About half of the 2,200 U.S. adults in a new Morning Consult survey said they had at least some trust in federal agencies like the Centers for Disease Control and Prevention and researchers at universities to keep their personal information such as health and location data protected. Thirty-five percent said the same about large technology companies. 

At the same time, adults were also more inclined to say they trusted agencies and researchers to develop an effective contact-tracing app, a program aimed at notifying those who were in close contact with someone who ended up testing positive for COVID-19 so they can quarantine themselves. Fifty-five percent said they had at least some trust in researchers to build an effective tool, while 54 percent said the same for federal agencies. 

Forty-one percent said they had the same level of trust in large technology companies. 

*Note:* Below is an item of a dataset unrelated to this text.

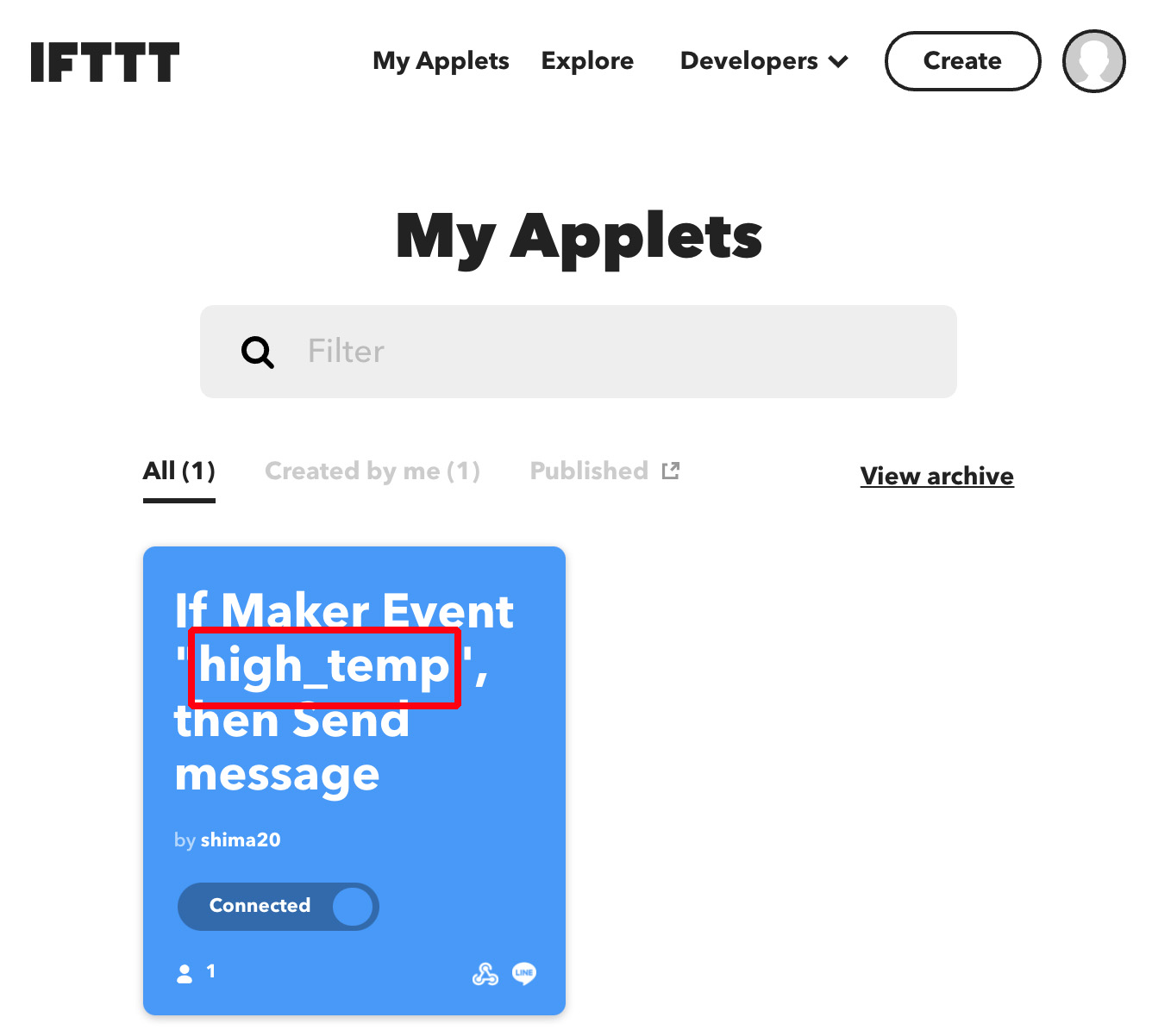 - 設定温度を超える温度になった時、プラットフォームを連携させるWebサービス「IFTTT」を介してLINEに通知するための設定。

The survey, conducted April 22-24, has a margin of error of 2 percentage points.

Apple Inc. and Google are expected to release the first version of their contact-tracing API on Tuesday, which software developers can use to build apps on behalf of public health agencies. And a team of researchers from the Massachusetts Institute of Technology, Harvard University and the Mayo Clinic are beta-testing an app, called Private Kit, which Reuters reported earlier this month had deals with at least three local governments and was being considered by an additional 17 states and municipalities.

Despite the growing attention on contact tracing, sentiment among adults over sharing their location data with the government for COVID-19 tracking hasn’t changed in the last month. Fifty-nine percent said they would be at least somewhat uncomfortable with technology companies sharing their location data if it meant the government could better track the spread of the virus, compared to 57 percent who said the same last month.

Lorrie Cranor, the director and professor in security and privacy technologies at CyLab Security and Privacy Institute at Carnegie Mellon University, said the level of privacy risks involved with contact-tracing technologies depends on the model being used by app developers. For instance, Cranor says systems aimed at collecting and re-creating the precise location of each person’s cellphone to show where everyone is going and where they’ve been, while also including identifiable information, would be the most extreme violation of privacy. 

On the other end of the spectrum are systems where someone’s phone collects data about other phones that are nearby and then sends out codes to anyone who’s been near someone who tested positive for COVID-19. 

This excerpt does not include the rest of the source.